#### DATA SEGMENT

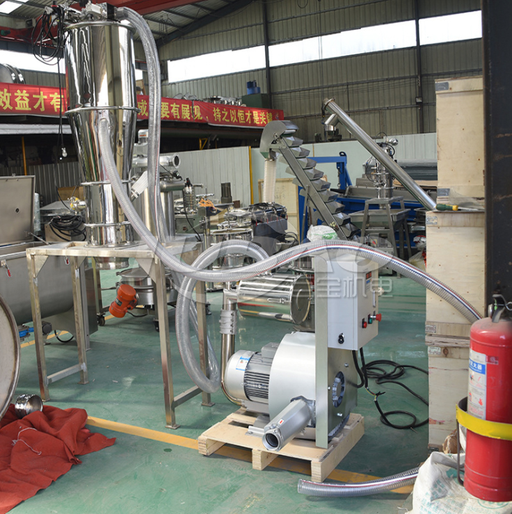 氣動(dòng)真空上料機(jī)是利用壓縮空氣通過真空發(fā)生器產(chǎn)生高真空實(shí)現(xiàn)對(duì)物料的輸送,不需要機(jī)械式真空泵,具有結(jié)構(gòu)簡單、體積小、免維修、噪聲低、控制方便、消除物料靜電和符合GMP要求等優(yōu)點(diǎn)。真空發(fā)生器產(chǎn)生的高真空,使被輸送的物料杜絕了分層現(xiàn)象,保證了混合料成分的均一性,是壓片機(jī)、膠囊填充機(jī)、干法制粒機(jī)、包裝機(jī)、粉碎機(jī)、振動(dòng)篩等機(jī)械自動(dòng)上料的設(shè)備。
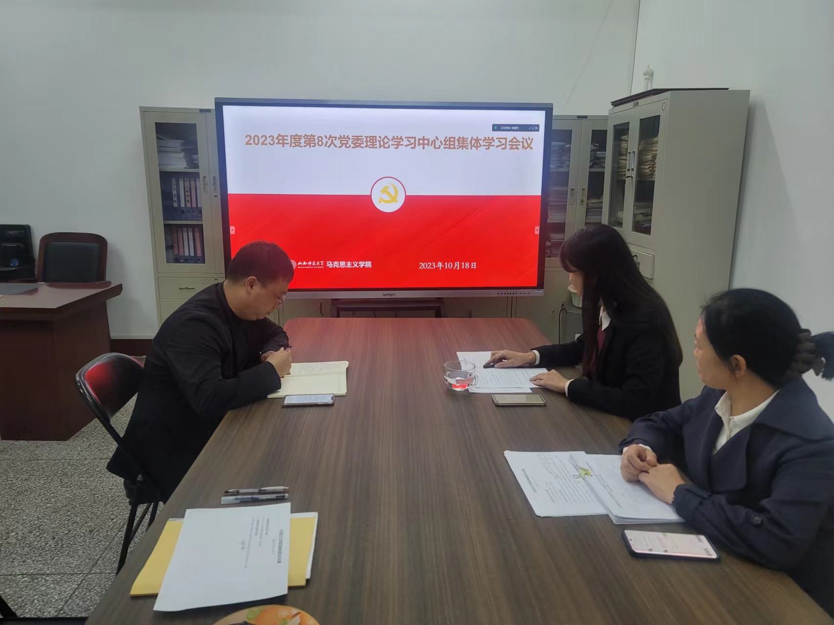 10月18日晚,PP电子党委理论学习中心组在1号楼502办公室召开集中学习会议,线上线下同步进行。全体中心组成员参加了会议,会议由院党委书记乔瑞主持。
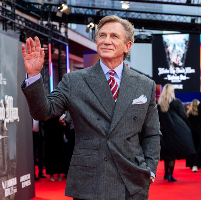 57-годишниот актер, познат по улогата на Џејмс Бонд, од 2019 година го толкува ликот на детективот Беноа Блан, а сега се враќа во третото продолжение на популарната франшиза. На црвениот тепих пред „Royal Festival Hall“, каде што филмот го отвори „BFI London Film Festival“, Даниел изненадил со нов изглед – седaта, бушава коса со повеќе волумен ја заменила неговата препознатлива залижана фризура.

#### WORK TO COMPLETE
All of the data must be given again exactly, without the pictures.

#### ANSWER TO THIS TASK
 氣動(dòng)真空上料機(jī)是利用壓縮空氣通過真空發(fā)生器產(chǎn)生高真空實(shí)現(xiàn)對(duì)物料的輸送,不需要機(jī)械式真空泵,具有結(jié)構(gòu)簡單、體積小、免維修、噪聲低、控制方便、消除物料靜電和符合GMP要求等優(yōu)點(diǎn)。真空發(fā)生器產(chǎn)生的高真空,使被輸送的物料杜絕了分層現(xiàn)象,保證了混合料成分的均一性,是壓片機(jī)、膠囊填充機(jī)、干法制粒機(jī)、包裝機(jī)、粉碎機(jī)、振動(dòng)篩等機(jī)械自動(dòng)上料的設(shè)備。
 10月18日晚,PP电子党委理论学习中心组在1号楼502办公室召开集中学习会议,线上线下同步进行。全体中心组成员参加了会议,会议由院党委书记乔瑞主持。
 57-годишниот актер, познат по улогата на Џејмс Бонд, од 2019 година го толкува ликот на детективот Беноа Блан, а сега се враќа во третото продолжение на популарната франшиза. На црвениот тепих пред „Royal Festival Hall“, каде што филмот го отвори „BFI London Film Festival“, Даниел изненадил со нов изглед – седaта, бушава коса со повеќе волумен ја заменила неговата препознатлива залижана фризура.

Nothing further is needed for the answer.